Please refer to FIG. 1B. FIG. 1B is a schematic diagram of a second embodiment of the carbon emission tracker of the present invention. The carbon emission tracker 10b is substantially the same as the carbon emission tracker 10a of FIG. 1A, and the difference is that the body of the carbon emission tracker 10b includes the first housing 100b1 and the second housing 100b2, and the first housing 100b1 transmits through the first housing 100b1. The power supply line 107 is connected to the second housing 100b2, the power input interface 101 is disposed on the first housing 100b1, the power output interface 103 is disposed on the second housing 100b2, and the power input interface 101 is coupled to the power output through the power line 107. Interface 103. The communication unit 105 may be disposed within the first housing 100b1 or within the second housing 100b2.

The carbon emission tracker 10b of the present embodiment can extend the distance between the electric appliance 60b and the power supply unit 70. The electrical product 60b may be an electrical device such as a refrigerator. The appearance form of the carbon emission trackers 10a, 10b is not limited to that shown in Figs. 1A and 1B.

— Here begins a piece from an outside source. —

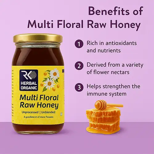Multi-flower honey, derived from the nectar of various flowers, is rich in antioxidants, vitamins, and minerals, offering numerous health benefits. It boosts immunity, supports digestion, provides a quick energy source, and soothes sore throats and coughs. Its antimicrobial properties make it beneficial for skin health, while its potential to lower bad cholesterol supports heart health. Regular consumption can aid in weight management and promote better sleep. For maximum benefits, opt for raw, unprocessed multi-flower honey.
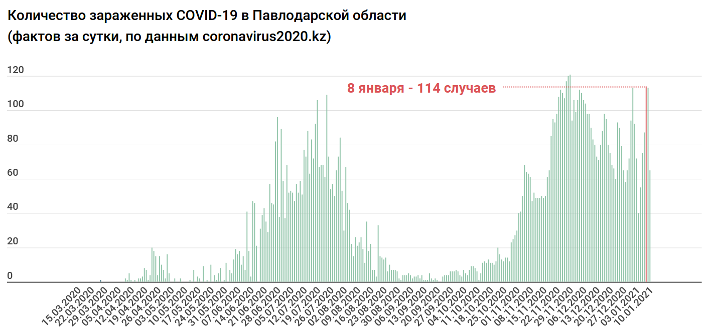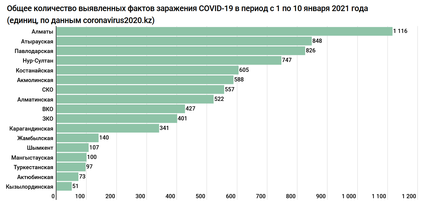 По данным Сайта coronavirus2020.kz, 10 января COVID-19 нашли у 120 жителей Алматы. Это наибольшее число среди всех регионов Казахстана. Причем лидерство южного мегаполиса становится привычным.

Please refer to FIG. 1C, which is a schematic diagram of a third embodiment of the carbon emission tracker of the present invention. The carbon emission tracker 10c is substantially the same as the carbon emission tracker 10a of FIG. 1A, with the difference that the carbon emission tracker 10c is a wall socket. In addition, the body 100c has an indicating unit 109 for indicating the transmission state of the communication unit 105 or the power consumption state of the electrical product 60c.

In this embodiment, the indication unit 109 can be an indicator light, and the communication unit can be displayed. The signal quality of 105 or the power supply status of the power output interface 103c.

Please refer to FIG. 1D, which is a functional block diagram of the carbon emission tracker of the present invention. The carbon emission tracker 10d includes a power input interface 101, a power output interface 103, a power detecting unit 102, a processing unit 104, a communication unit 105, a memory unit 106, an environment detecting unit 108, and an indicating unit 109. The power detecting unit 102 is coupled between the power input interface 101 and the power output interface 103. The processing unit 104 is coupled to the power detecting unit 102, the communication unit 105, the memory unit 106, the environment detecting unit 108, and the indicating unit 109.

The power detecting unit 102 can include a voltage detecting circuit and a current detector for detecting the actual power consumption of the electrical product.

The memory unit 106 can be a flash memory or an electronic erasable read-only memory, and can store identity information of the electrical product, for example, pre-recording the identity information in the memory unit 106, or setting the identity by the user remotely. After the information, the communication unit 105 receives the identity information through the network and stores the identity information in the memory unit 106.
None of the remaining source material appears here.